● EXTRACTED INFORMATION
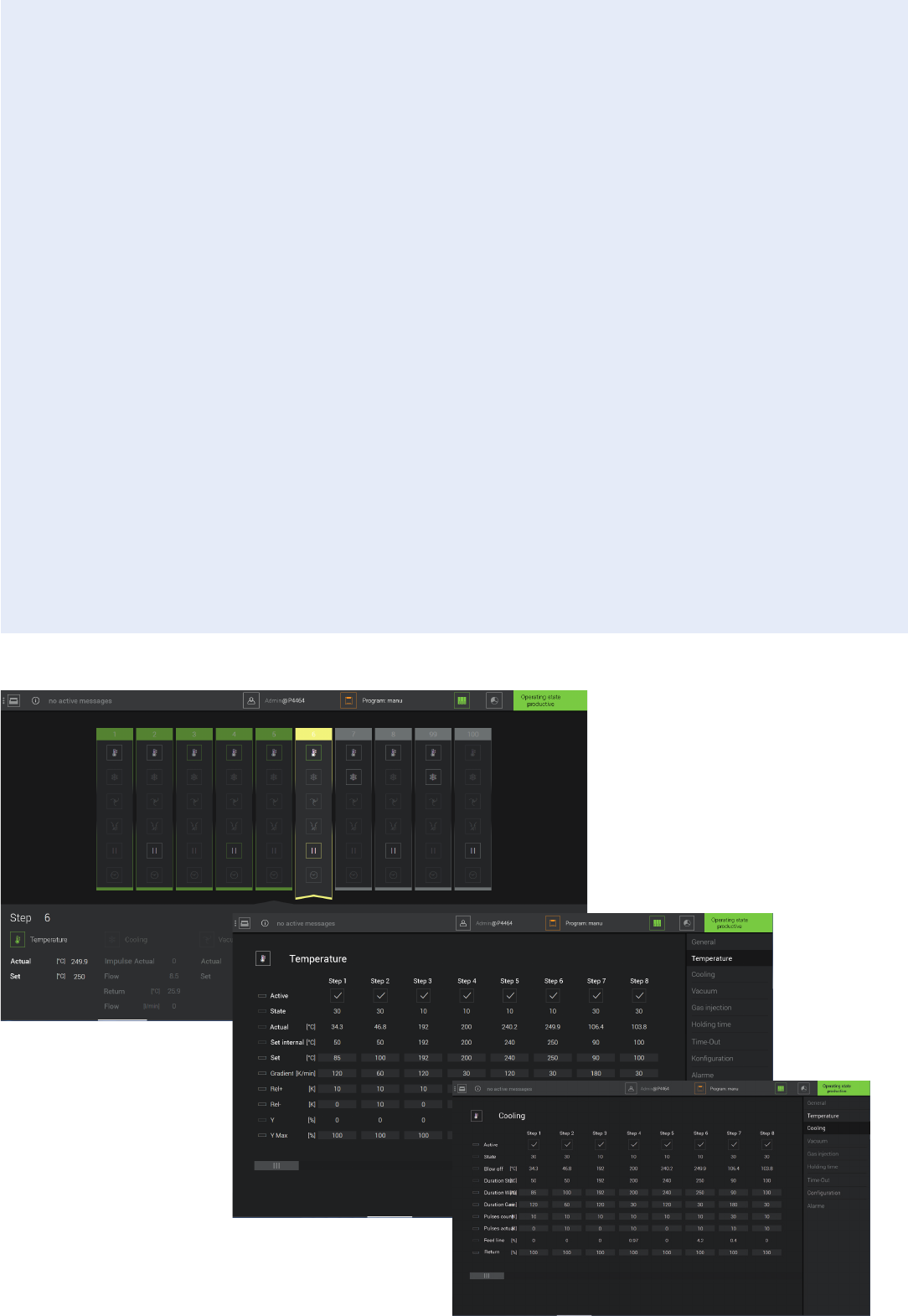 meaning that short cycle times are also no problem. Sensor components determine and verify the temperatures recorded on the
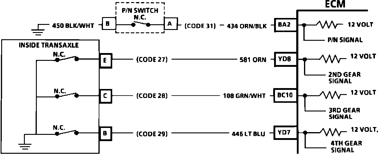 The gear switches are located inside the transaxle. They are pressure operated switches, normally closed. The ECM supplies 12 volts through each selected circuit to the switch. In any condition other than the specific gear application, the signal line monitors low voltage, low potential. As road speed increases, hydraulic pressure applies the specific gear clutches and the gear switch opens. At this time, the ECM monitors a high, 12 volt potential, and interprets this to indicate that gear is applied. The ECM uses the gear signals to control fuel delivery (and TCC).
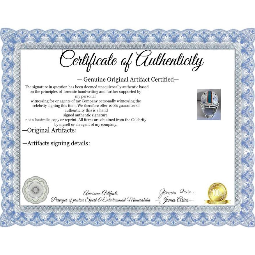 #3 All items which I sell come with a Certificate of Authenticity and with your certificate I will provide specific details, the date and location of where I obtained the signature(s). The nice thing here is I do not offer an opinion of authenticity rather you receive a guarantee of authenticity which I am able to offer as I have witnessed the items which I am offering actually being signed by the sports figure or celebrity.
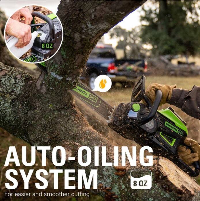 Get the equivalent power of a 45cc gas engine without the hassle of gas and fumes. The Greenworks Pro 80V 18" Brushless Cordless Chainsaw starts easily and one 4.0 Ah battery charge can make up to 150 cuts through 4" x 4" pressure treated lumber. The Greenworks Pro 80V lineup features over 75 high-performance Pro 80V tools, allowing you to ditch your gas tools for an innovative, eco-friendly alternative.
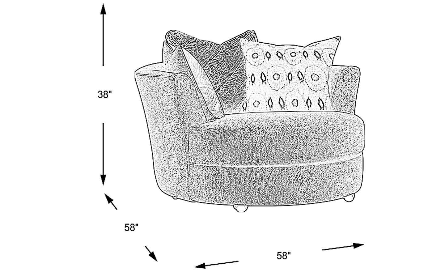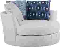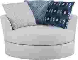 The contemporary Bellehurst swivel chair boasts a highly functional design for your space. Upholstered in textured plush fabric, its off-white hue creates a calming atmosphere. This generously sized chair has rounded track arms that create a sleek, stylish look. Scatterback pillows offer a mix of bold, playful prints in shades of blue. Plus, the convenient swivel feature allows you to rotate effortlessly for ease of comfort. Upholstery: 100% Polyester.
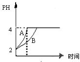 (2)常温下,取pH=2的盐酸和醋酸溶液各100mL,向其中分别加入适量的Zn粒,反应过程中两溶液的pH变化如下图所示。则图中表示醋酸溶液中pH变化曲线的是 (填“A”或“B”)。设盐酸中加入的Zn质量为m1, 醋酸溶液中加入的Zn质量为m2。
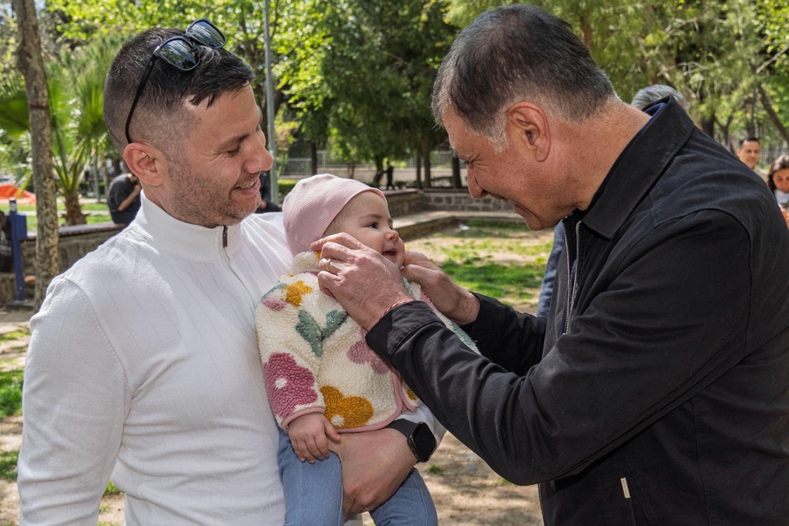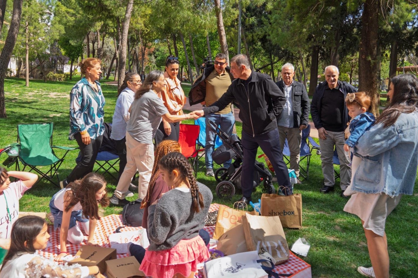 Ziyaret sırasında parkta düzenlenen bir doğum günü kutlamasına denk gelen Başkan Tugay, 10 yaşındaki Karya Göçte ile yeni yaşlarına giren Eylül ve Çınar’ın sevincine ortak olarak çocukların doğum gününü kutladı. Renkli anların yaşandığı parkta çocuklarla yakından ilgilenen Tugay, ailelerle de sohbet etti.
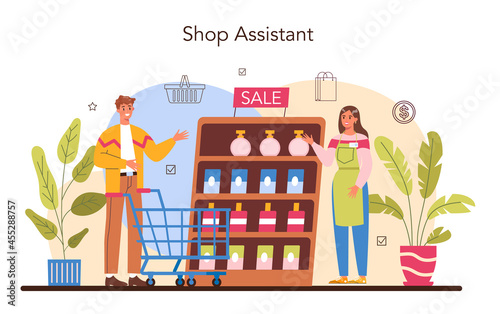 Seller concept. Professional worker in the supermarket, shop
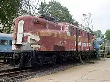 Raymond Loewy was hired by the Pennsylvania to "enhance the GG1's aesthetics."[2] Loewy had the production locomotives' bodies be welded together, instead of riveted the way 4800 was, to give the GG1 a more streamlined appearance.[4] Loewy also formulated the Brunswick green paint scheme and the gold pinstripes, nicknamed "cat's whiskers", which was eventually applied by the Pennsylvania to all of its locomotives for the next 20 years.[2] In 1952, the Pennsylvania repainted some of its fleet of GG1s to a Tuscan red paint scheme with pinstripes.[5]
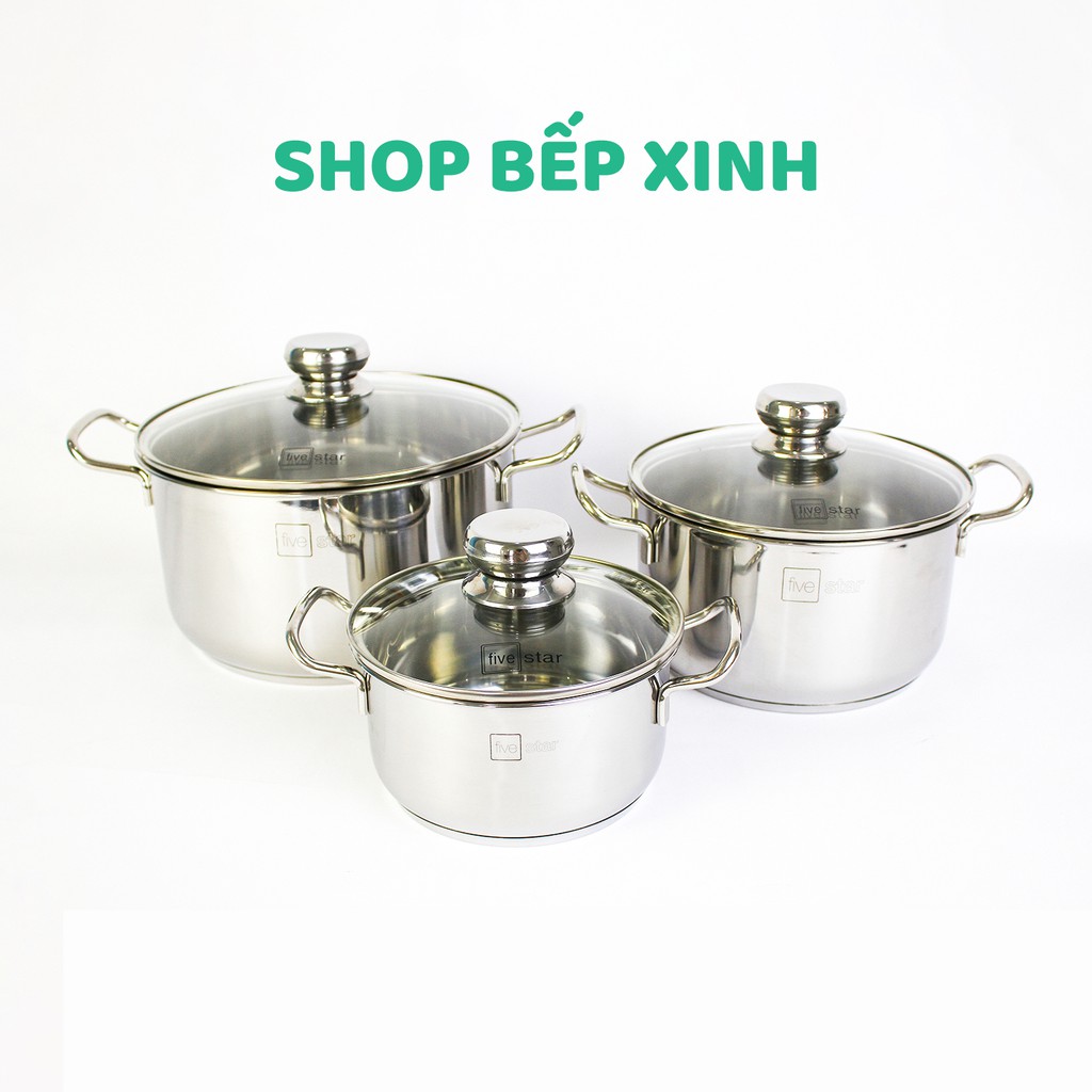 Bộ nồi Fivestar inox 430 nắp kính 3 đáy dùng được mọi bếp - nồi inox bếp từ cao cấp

● INSTRUCTIONS FOR THE TASK
A verbatim copy of every entry is wanted; the pictures stay out of it.

● FINAL ANSWER
 meaning that short cycle times are also no problem. Sensor components determine and verify the temperatures recorded on the
 The gear switches are located inside the transaxle. They are pressure operated switches, normally closed. The ECM supplies 12 volts through each selected circuit to the switch. In any condition other than the specific gear application, the signal line monitors low voltage, low potential. As road speed increases, hydraulic pressure applies the specific gear clutches and the gear switch opens. At this time, the ECM monitors a high, 12 volt potential, and interprets this to indicate that gear is applied. The ECM uses the gear signals to control fuel delivery (and TCC).
 #3 All items which I sell come with a Certificate of Authenticity and with your certificate I will provide specific details, the date and location of where I obtained the signature(s). The nice thing here is I do not offer an opinion of authenticity rather you receive a guarantee of authenticity which I am able to offer as I have witnessed the items which I am offering actually being signed by the sports figure or celebrity.
 Get the equivalent power of a 45cc gas engine without the hassle of gas and fumes. The Greenworks Pro 80V 18" Brushless Cordless Chainsaw starts easily and one 4.0 Ah battery charge can make up to 150 cuts through 4" x 4" pressure treated lumber. The Greenworks Pro 80V lineup features over 75 high-performance Pro 80V tools, allowing you to ditch your gas tools for an innovative, eco-friendly alternative.
 The contemporary Bellehurst swivel chair boasts a highly functional design for your space. Upholstered in textured plush fabric, its off-white hue creates a calming atmosphere. This generously sized chair has rounded track arms that create a sleek, stylish look. Scatterback pillows offer a mix of bold, playful prints in shades of blue. Plus, the convenient swivel feature allows you to rotate effortlessly for ease of comfort. Upholstery: 100% Polyester.
 (2)常温下,取pH=2的盐酸和醋酸溶液各100mL,向其中分别加入适量的Zn粒,反应过程中两溶液的pH变化如下图所示。则图中表示醋酸溶液中pH变化曲线的是 (填“A”或“B”)。设盐酸中加入的Zn质量为m1, 醋酸溶液中加入的Zn质量为m2。
 Ziyaret sırasında parkta düzenlenen bir doğum günü kutlamasına denk gelen Başkan Tugay, 10 yaşındaki Karya Göçte ile yeni yaşlarına giren Eylül ve Çınar’ın sevincine ortak olarak çocukların doğum gününü kutladı. Renkli anların yaşandığı parkta çocuklarla yakından ilgilenen Tugay, ailelerle de sohbet etti.
 Seller concept. Professional worker in the supermarket, shop
 Raymond Loewy was hired by the Pennsylvania to "enhance the GG1's aesthetics."[2] Loewy had the production locomotives' bodies be welded together, instead of riveted the way 4800 was, to give the GG1 a more streamlined appearance.[4] Loewy also formulated the Brunswick green paint scheme and the gold pinstripes, nicknamed "cat's whiskers", which was eventually applied by the Pennsylvania to all of its locomotives for the next 20 years.[2] In 1952, the Pennsylvania repainted some of its fleet of GG1s to a Tuscan red paint scheme with pinstripes.[5]
 Bộ nồi Fivestar inox 430 nắp kính 3 đáy dùng được mọi bếp - nồi inox bếp từ cao cấp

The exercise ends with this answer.